# Database Discussions > MySQL >  What topics would you like to read about?

## greenman

I often get emails requesting an article on a specific topic. But I'd like to open this to more readers - what articles would you like to see me write? Looking at some of the threads, perhaps backups would be an interesting topic. Or maybe more articles on tuning MySQL (my earlier articles on this topic are from 2001 and there've been lots of changes.) What about load-balancing? Use this thread to suggest MySQL topics of interest to you.

----------


## ccalender

I would love to see more on performance tuning and maximizing the potential of mysql.

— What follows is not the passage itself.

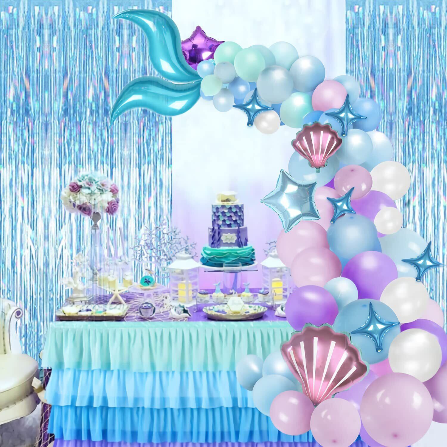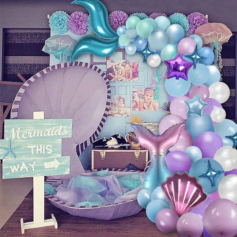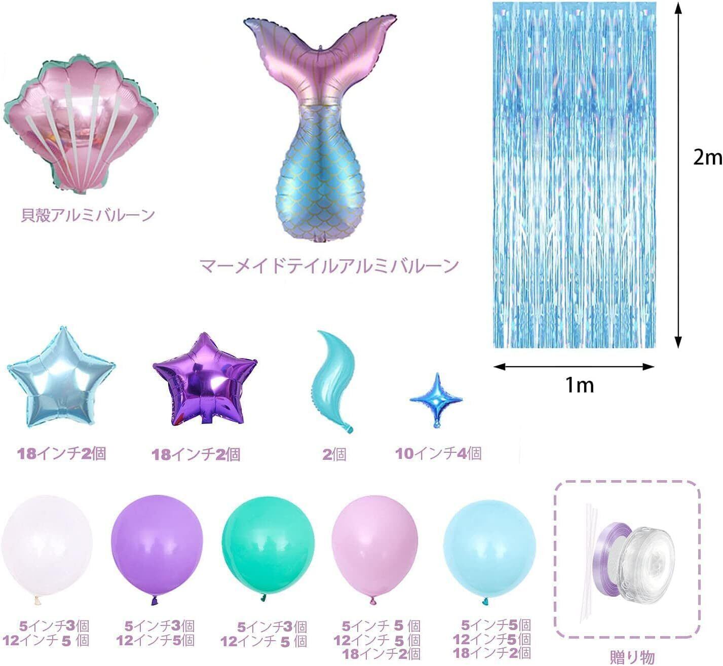 【商品セット内容】①アルミバルーン×10個(マーメイドテイル*1、貝殻*1、四隅星*4、五芒星*4) ②マーメイドテイルバルーン×2個 ③5インチゴム風船×19個(薄紫*5、青*5、紫*3、緑*3、透明*3) ④12インチゴム風船×25個(透明*5、紫*5、緑*5、薄紫*5、青*5) ⑤18インチゴム風船×4個(薄紫*2、青*2) ⑥カーテン(1×2m) ⑦リボン ⑧バルーンチェーン
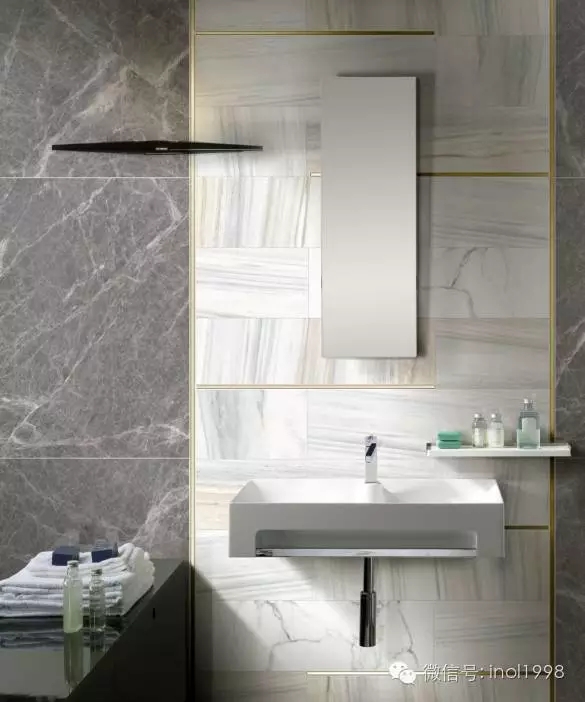 維多利亞紋理流暢柔和,這類方向性明確的紋理,通過不同方向的切割加工,在應(yīng)用時可作出橫豎交織的豐富變化,甚至和卡拉拉或直紋白搭配,都可以產(chǎn)生意想不到的效果,另外金屬線條的不規(guī)則使用,也是國外近幾年常用的大理石產(chǎn)品搭配方式。

I would also like to see more on trobleshooting replication.  The is not a whole lot of documentation out there on troubleshooting replication, but we often have problems crop up and it would be nice to see various approaches we could try in order to have less down time.

Thank you!

----------


## marist89

I'd definitely like to see something on enterprise level backups, not just a couple scripts dumping data to disk.

----------


## ccalender

Information about MySQL Cluster would be great!!!

Especially with regards to using it and troubleshooting it.

Limitations of it (at least at this stage in its development) would be nice to know as well.

----------


## ccalender

An article on transactions, and a transaction-safe set-up would be very nice.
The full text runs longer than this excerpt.